Наплакавшись, прильнула к стеклу. В щелку видны заросли черной смородины. На волю хотелось так, что, казалось, сквозь ставни и стекло доносится их запах.
Возле смородины торчит столб и на нем сидит серый поползень вниз головой, выглядывает букашек.
Надо ж, чтоб именно в тот момент, когда заточение стало невыносимо тягостно, когда впору головой о стену удариться, к окну прилетел серый поползень — верный, безропотный друг.
Все сторожатся в тайге человека — и птицы, и звери, а маленький поползень встречает его как друга.
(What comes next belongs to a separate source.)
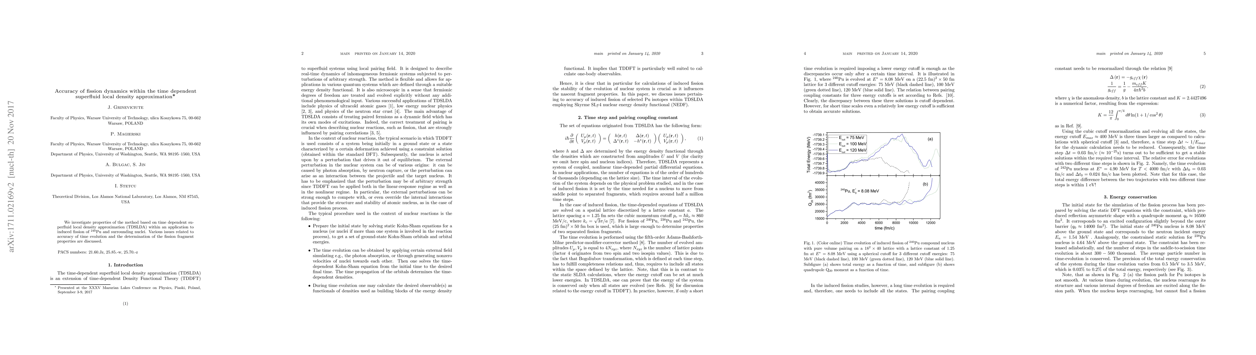 This paper evaluates the accuracy of the time dependent superfluid local density approximation (TDSLDA) for modeling the dynamics of induced fission in 240Pu and nearby nuclei, focusing on the precision of time evolution and fission fragment properties.

Серенький, черные перышки возле глаз похожи на маску. Он сам зачастую прилетает к костру, повисает на стволе вниз головой и внимательно смотрит, знакомится. Ксюша всегда ждала этой встречи. Увидев поползня, протягивала на ладони приготовленные семечки. И поползень бесстрашно спархивал вниз, цеплялся лапками за Ксюшин палец и, схватив два-три семечка, улетал недалеко.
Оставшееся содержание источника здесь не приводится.